Verapamil does not interfere with ACE inhibition by trandolapril. Trandolapril does not alter the effect of verapamil on intra-cardiac conduction.
Verapamil dilates the main coronary arteries and coronary arterioles, both in normal and ischemic regions, and is a potent inhibitor of coronary artery spasm. This property increases myocardial oxygen delivery in patients with coronary artery spasm, and is responsible for the effectiveness of verapamil in vasospastic (Prinzmetal’s or variant) as well as unstable angina at rest.
Verapamil regularly reduces the total systemic resistance (afterload) by dilating peripheral arterioles. By decreasing the influx of calcium, verapamil prolongs the effective refractory period within the AV node and slows AV conduction in a rate-related manner.
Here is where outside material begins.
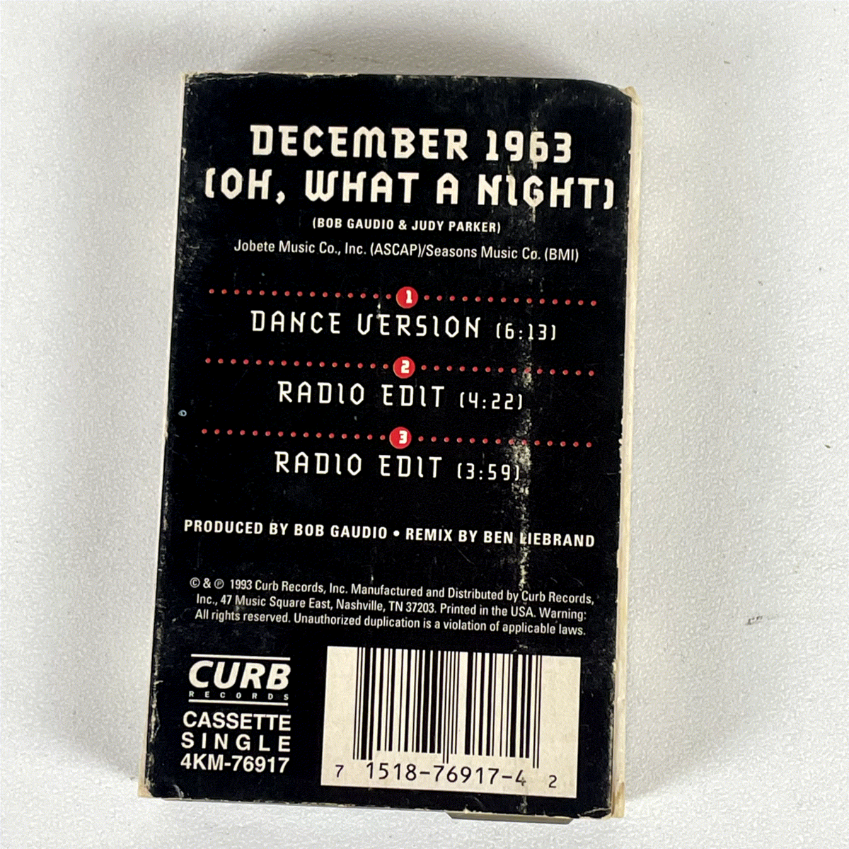 Four Seasons December 1963 (Oh, What a Night) Cassette 1993 Curb Records Single

Normal sinus rhythm is usually not affected, but in patients with sick sinus syndrome, verapamil may interfere with sinus node impulse generation and may induce sinus arrest or sinoatrial block. Atrioventricular block can occur in patients without preexisting conduction defects (see WARNINGS).
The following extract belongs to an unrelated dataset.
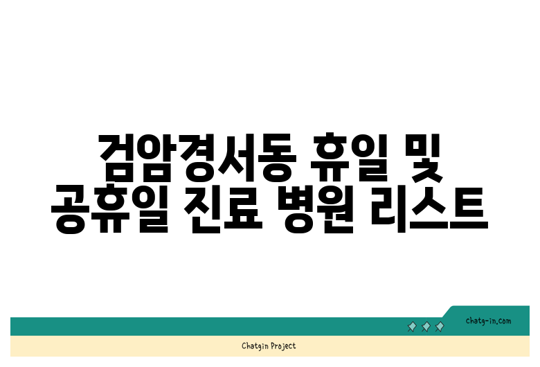 갑작스러운 응급 상황이나 주말, 공휴일에 병원에 가야 할 때, 어디로 가야 할지 막막하셨죠? 인천 서구 검암경서동에 거주하시는 분들을 위해, 야간 진료와 휴일 진료 병원 정보를 총정리해 드립니다! 더 이상 걱정하지 마세요. 이 가이드 하나면 편리하게 필요한 정보를 찾으실 수 있어요.

Verapamil does not alter the normal atrial action potential or intraventricular conduction time, but depresses amplitude, velocity of depolarization and conduction in depressed atrial fibers. Verapamil may shorten the antegrade effective refractory period of accessory bypass tracts. Acceleration of ventricular rate and/or ventricular fibrillation has been reported in patients with atrial flutter or atrial fibrillation and a coexisting accessory AV pathway following administration of verapamil (see WARNINGS).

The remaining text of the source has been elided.